At the height of his power, Reinhard Heydrich was called “The Butcher of Prague,” “The Hangman,” and “The Man with the Iron Heart.” He reveled in the notoriety.It would be easy to classify Heydrich as just another Nazi murderer.
Heydrich was a natural schemer.He appears this high in our ranking because he is credited with engineering one of the most extraordinary intelligence coups of the war, ranking with “Enigma” (the cracking of the German secret code) and “Magic” (the cracking of the Japanese secret code). Heydrich did not break any codes; he broke the Red Army command, and he did it without firing a single shot. The plot hinged on the German belief that Joseph Stalin (Number 4) was paranoid. It involved a scenario that would have been turned down as a script for Mission Impossible. But it worked. Though it took place before World War II began, it influenced Soviet defenses.
Joining the Nazi Power Structure
Reinhard Heydrich was born in Halle, Germany, in 1904. As a young man, he joined the navy but was cashiered out. Sources do not agree on the reason; either he was suspected of homosexuality or he impregnated a girl and refused to marry her. Heydrich was also suspected of having Jewish blood. This is particularly interesting, because he would later be in charge of the Final Solution to exterminate, among others, Jews and homosexuals.
In 1931, Heydrich joined the Nazi Party. That year he met Heinrich Himmler (Number 65), who asked him to set up an intelligence unit.Adolf Hitler (Number l) came to power in January 1933, and, from that point on, there were a great deal of secret jobs for Heydrich. He was intimately involved with Himmler and others in the 1934 “Blood Purge” plot, during which a number of top Nazi officials were declared enemies of Hitler and murdered.
Framing a Russian Marshal
If the Führer had been worried about internal security in the Third Reich, the question of external security now became a matter of concern. In the Soviet Union, Hitler learned, a Red Army marshal named Mikhail Tuchachevsky had apparently read Mein Kampf and believed that Hitler would attack Russia when he was strong enough. Some Red Army officers supported launching a preventive strike against Nazi Germany before Hitler got too strong.

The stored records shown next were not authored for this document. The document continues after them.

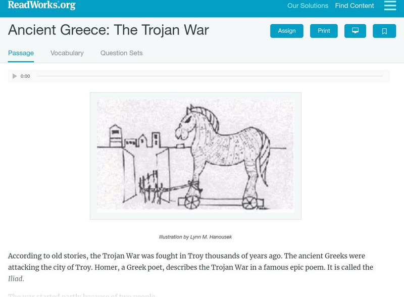 [Free Registration/Login Required] An informational text about how the Greeks fought an won the Trojan War. A question sheet is available to help students build skills in reading comprehension.
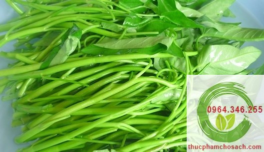 - Bước 1 : Rau muống nhặt thành khúc khoảng 10 cm ,có thể nhặt bớt lá tùy ý , rửa sạch và để ráo nước.
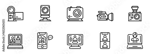 Modern Minimalist Line Icons: Video Conferencing, Webcam, Camera, and Recording Equipment for Digital Communication and Online Meetings.
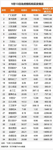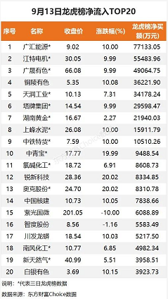 9月13日,上榜龙虎榜个股中,资金净流入最多的是广汇能源,3日净流入7.71亿元。数据显示,该股日内涨停收盘,近3日累涨25.28%。具体看,沪股通3日净买入2.14亿元。
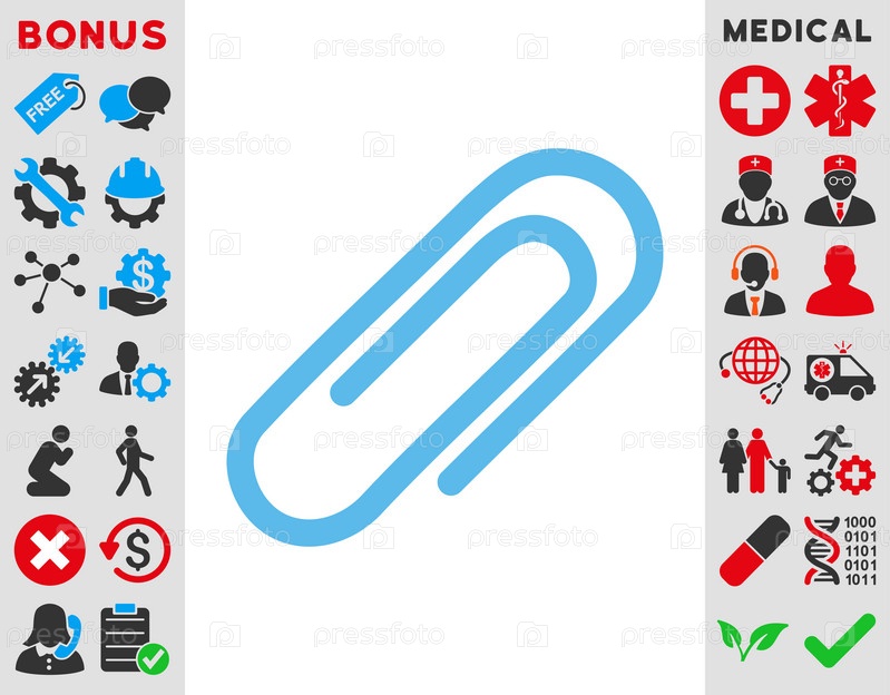 Иллюстрация значок скрепки. Стиль является плоской символ, синий цвет, закругленные углы, белый фон

How should Germany handle this threat? Historians still argue about who did what to whom. Documents dating back to December 1936 credit Heydrich with the plot that succeeded. The idea was a frame-up, which only a paranoid such as Stalin would believe: forge papers to suggest that Tuchachevsky was dealing with the Germans in a plot to overthrow Stalin.

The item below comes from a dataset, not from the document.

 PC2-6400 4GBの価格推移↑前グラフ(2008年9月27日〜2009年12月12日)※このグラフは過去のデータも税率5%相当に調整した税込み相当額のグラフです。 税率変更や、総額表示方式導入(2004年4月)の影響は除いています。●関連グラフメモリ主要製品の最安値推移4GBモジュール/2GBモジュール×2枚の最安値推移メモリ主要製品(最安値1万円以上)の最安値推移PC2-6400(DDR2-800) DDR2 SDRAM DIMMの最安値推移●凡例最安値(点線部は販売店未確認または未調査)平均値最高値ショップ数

Here is how Heydrich explained it to his aides: Photocopies of these documents will be sold to the Russians at a high price, and we will make it appear that they have been stolen from the files of the SD [Security Service of the Nazi Party]. We will also create the impression that we are investigating the German side of the conspiracy.... Stalin will break Tuchachevsky, because he will receive this dossier through his own Secret Service and will be convinced that it is authentic.
The plan was successful beyond the wildest dreams of the plotters. For Stalin did more than just break Tuchachevsky. Between 1937 and 1938, thousands of senior Red Army officers were shot for treason following a wave of show trials. Tuchachevsky was executed in June 1937.

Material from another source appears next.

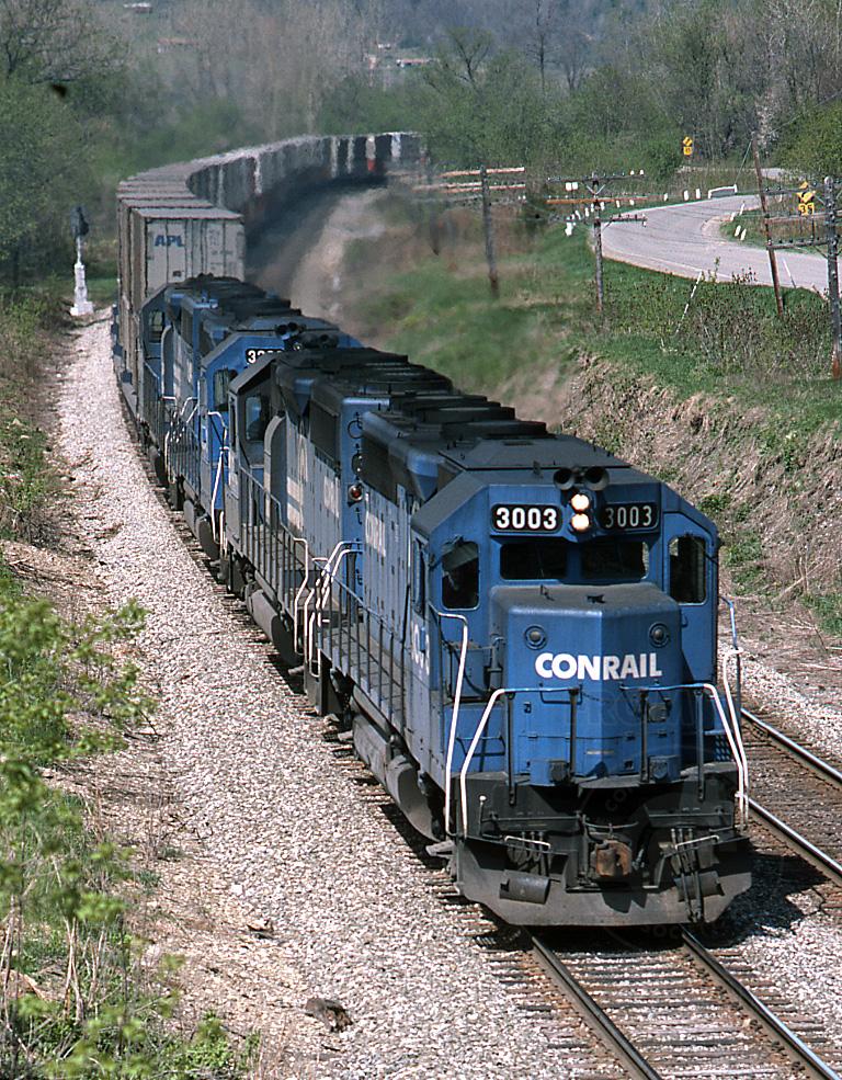 The Carson bridge just East of Canisteo makes a nice vantage point for CR stack train TV-302. It was nice to see that older GP40 on the point. Because of the ex EL right of way being engineered to accomodate larger loads, the Southern Tier initially was the route that all stack trains used in NY. Once CR finished its clearance improvement project on the old NYC main, these trains were moved to that routing.

The intelligence coup did two things for Hitler. First, it averted the threat of a preventive war by the Soviet Union. Second, it crippled the Red Army until a new cadre of officers could be created.
Kristalnacht and the Final Solution
In November 1938, during a 24-hour period, the Nazis unleashed a wave of anti-Jewish pogroms throughout Germany and Austria that became known as Kristalnacht (“The Night of the Broken Glass”). Heydrich was in the middle of the chaos. A year later, following the Nazi invasion of Poland, he organized the destruction of Jewish communities and the extermination of Jews in Poland.
He ruthlessly Nazified Czechoslovakia, where he earned his reputation as “The Butcher of Prague,” staging a police blitz in which Czech men, women, and children were killed in large-scale public executions.
So good a butcher was he that Hitler personally chose him to implement the Final Solution to the Jewish “problem” in Europe. He and Adolf Eichmann (Number 9l) and assorted bureaucrats met in Wannsee on January 20, 1942, to plan for the rounding up, transporting, and killing of all European Jews.
However, Heydrich’s time was running out. Although sources do not agree, at the request of either the Czech government-in-exile in England or English officials, British intelligence parachuted two agents into Czechoslovakia to assassinate Heydrich. He was ambushed outside of Prague and his car was bombed. Heydrich was critically wounded and died on June 4, 1942.
Hitler’s response was savage. Some 800 young Czech men were rounded up and shot. Thousands of Jews were shipped out of the Resienstadt “model” concentration camp and shipped east to the death camps. The town of Lidice, where the assassins had been harbored, was wiped off the map: Its men and older boys were killed, its women and children sent to concentration camps. The town was burned to the ground. It was a terrible price for the Czech people to pay for the death of their tormenter. But the Czechs were aroused by the savagery of the Nazi oppressors, and a surge of resistance rose across the land. This resistance would continue and intensify throughout the rest of the war.